◆ What you will do ◆
Restate every line of the data word for word, except for the images.
---------- Data below ----------
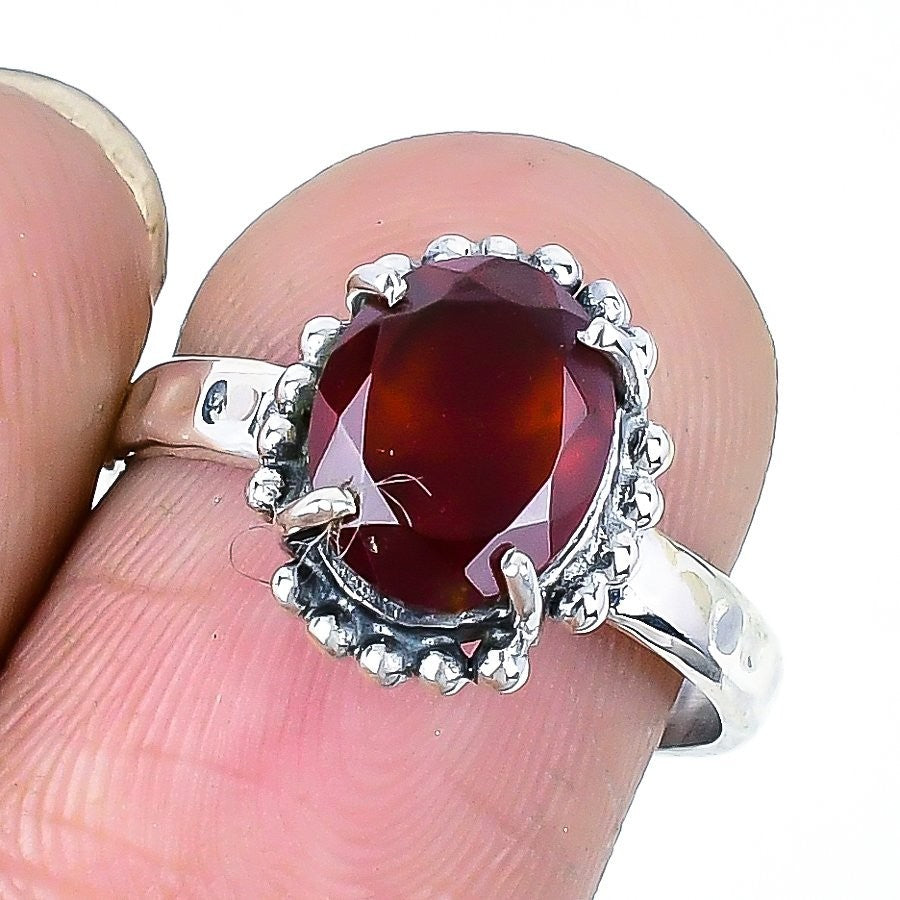 Garnet Faceted Gemstone Wife Elegant Boho Statement Anniversary Ring 925 Silver
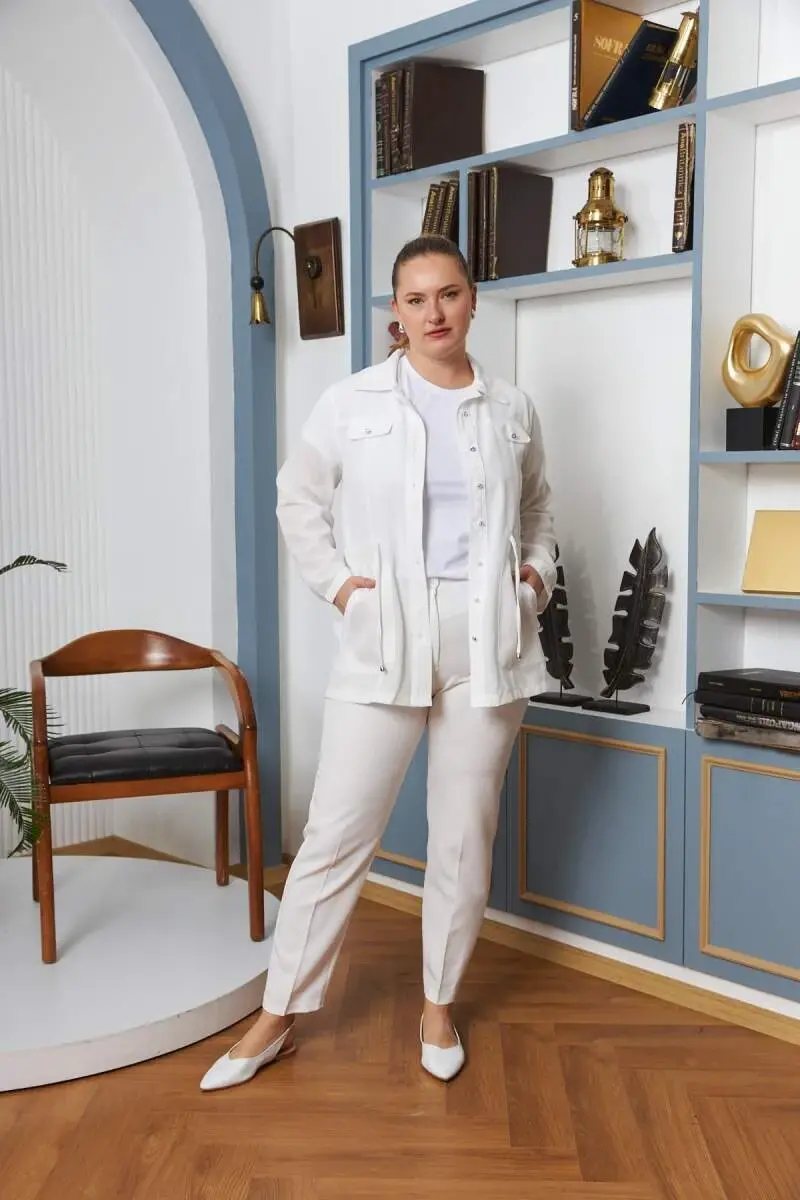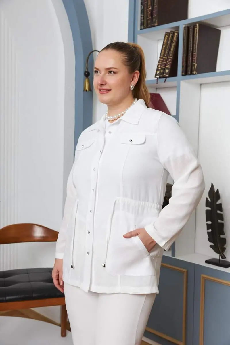 Bel Bağcık Detaylı Büyük Beden Beyaz Keten Ceket
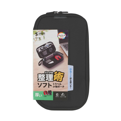 モバイルバッテリーや充電器などの小物をまとめて、すっきり整理収納できるコンパクトポーチ
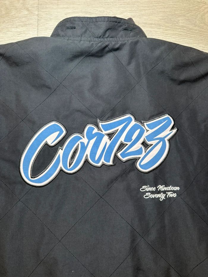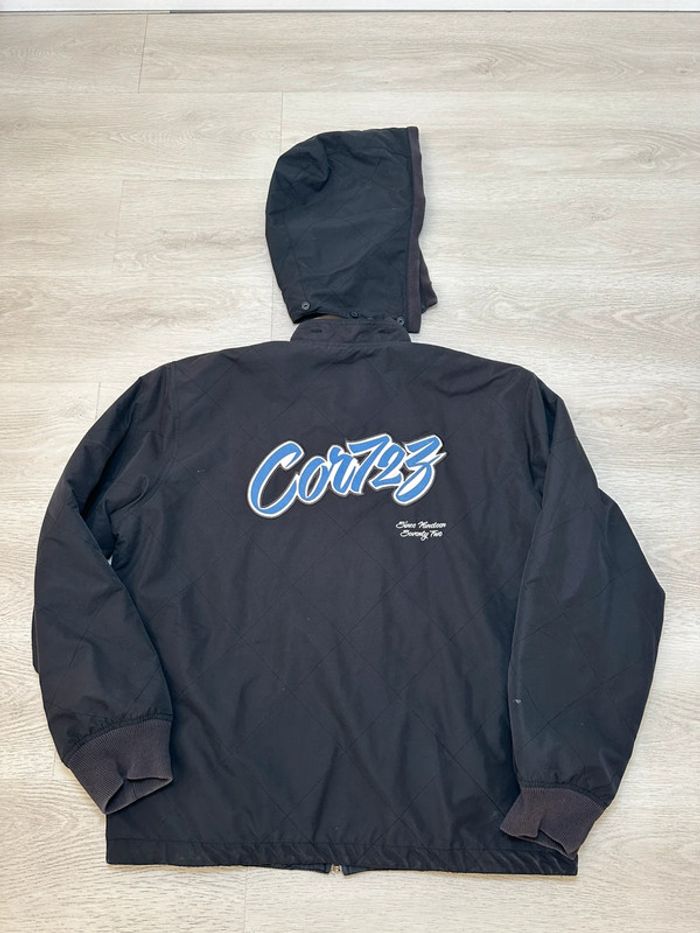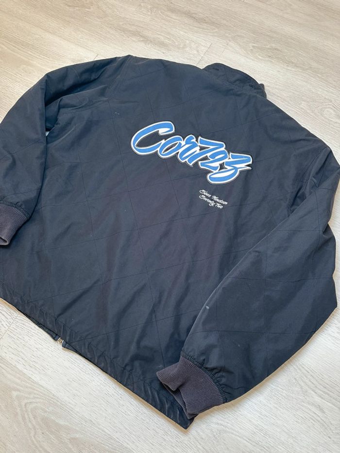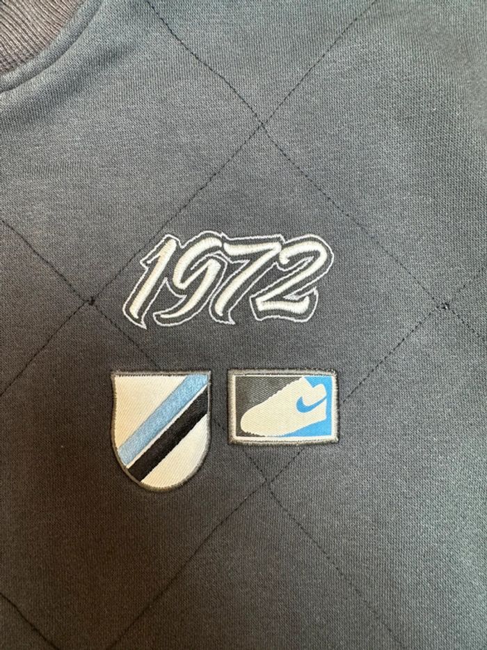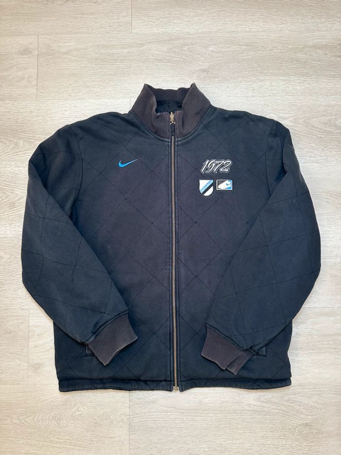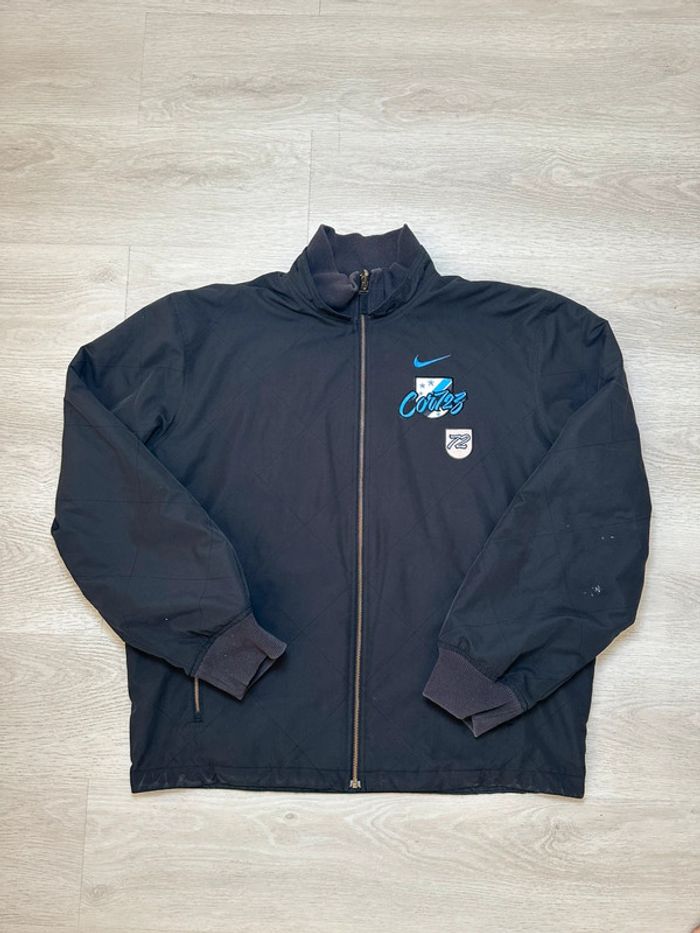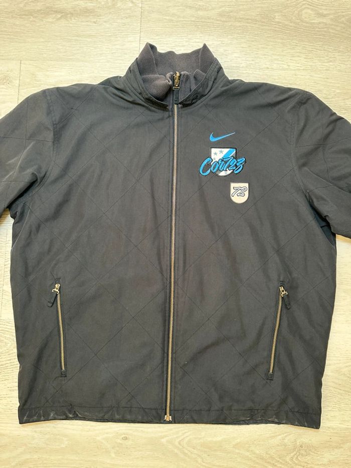 Blouson réversible Nike Cortez 1972 Bombers de 2007 avec capuche amovible le swoosh Nike et l'imprimé graphique jacket Cortez collection vintage retro Taille L Épaules 53 cm Largeur 63cm Longueur 68 cm Quelques taches voit photos Survêtement jogging armour face sport football
----------
◆ Output of the exercise ◆
 Garnet Faceted Gemstone Wife Elegant Boho Statement Anniversary Ring 925 Silver
 Bel Bağcık Detaylı Büyük Beden Beyaz Keten Ceket
 モバイルバッテリーや充電器などの小物をまとめて、すっきり整理収納できるコンパクトポーチ
 Blouson réversible Nike Cortez 1972 Bombers de 2007 avec capuche amovible le swoosh Nike et l'imprimé graphique jacket Cortez collection vintage retro Taille L Épaules 53 cm Largeur 63cm Longueur 68 cm Quelques taches voit photos Survêtement jogging armour face sport football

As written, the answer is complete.